Curator Evals
This is a package for evaluating coding curators.
Installation
pip install curator-evals
Usage
from curator_evals.code_curator_eval.evaluation_classification_code_curator import evaluate_model
evaluate_model(config_path="configs/code_curator_eval.yaml")
Configuration
The configuration is done through a YAML file.
Example config:
model:
name: "accounts/fireworks/models/llama-v3p3-70b-instruct"
api_key: ${FIREWORKS_API_KEY}
base_url: "https://api.fireworks.ai/inference/v1"
max_tokens: 2048
temperature: 0
dataset:
name: "collinear-ai/coding_curators_evaluation_dataset"
splits: ["humanevalpack", "mbpp"]
input_column: "instruction"
output_column: "solution"
label_column: "label"
total_rows: 20
output:
file: "../data/classification_humanevalpack_eval"
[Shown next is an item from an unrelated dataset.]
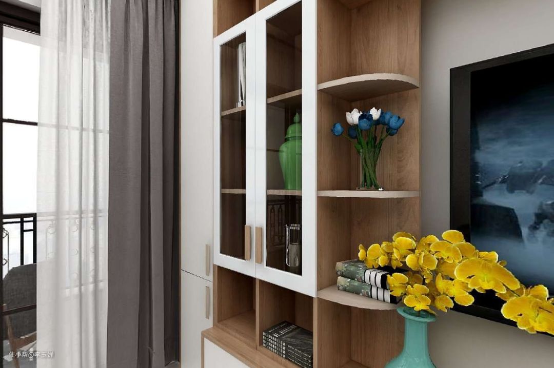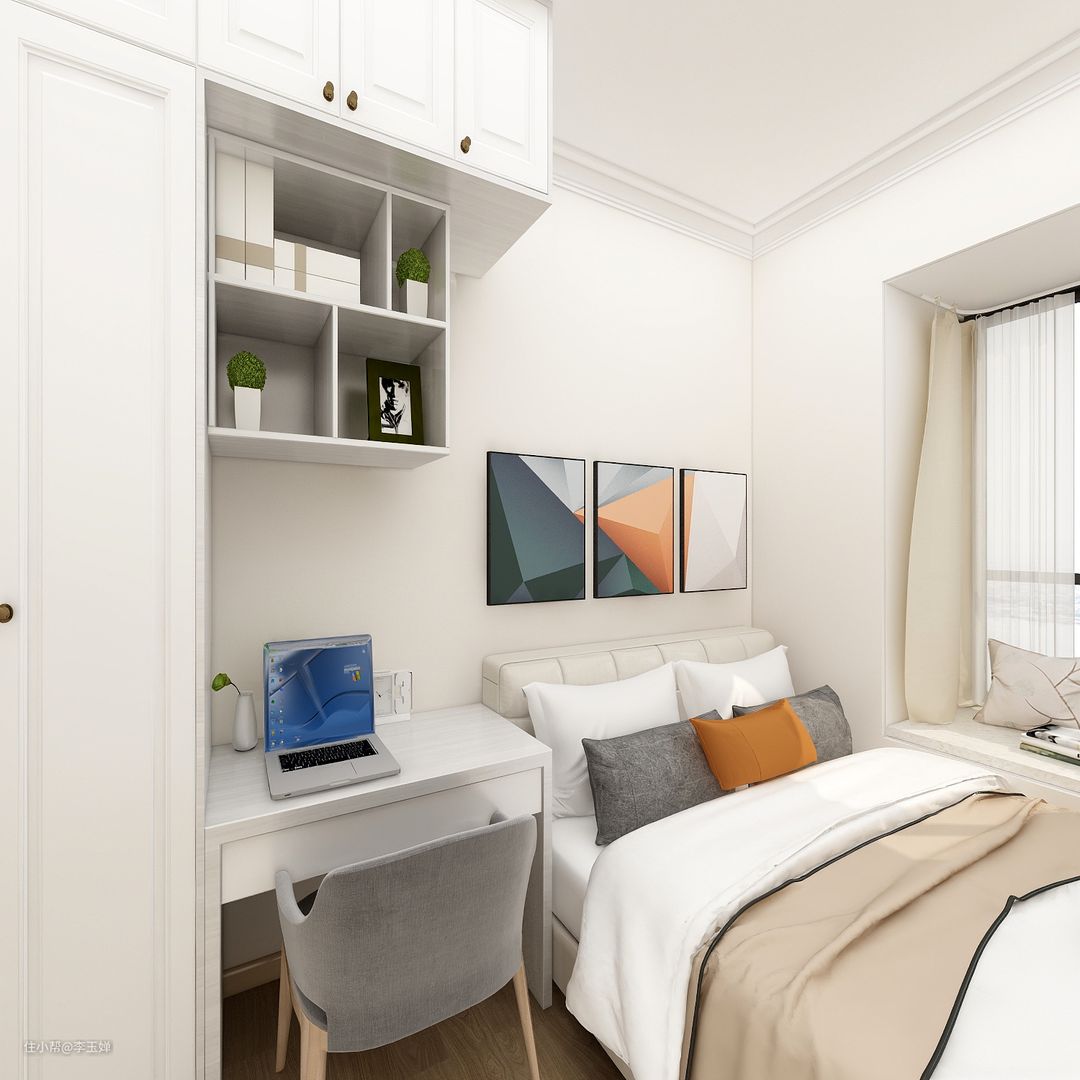 省去床头柜,用单人书桌替代,使用面积增大, 上方还有开放的收纳柜,放一些书籍和盆栽,也能作为点缀。

If no dataset is provided, the evaluation will be done on the default dataset, which is
currently set to both splits of the collinear-ai/coding_curators_evaluation_dataset
.
You can import the function and pass in the config path to evaluate the model.
from curator_evals.code_curator_eval.evaluation_classification_code_curator import evaluate_model
evaluate_model(config_path="/home/tsach/curator-evals/configs/code_curator_eval.yaml")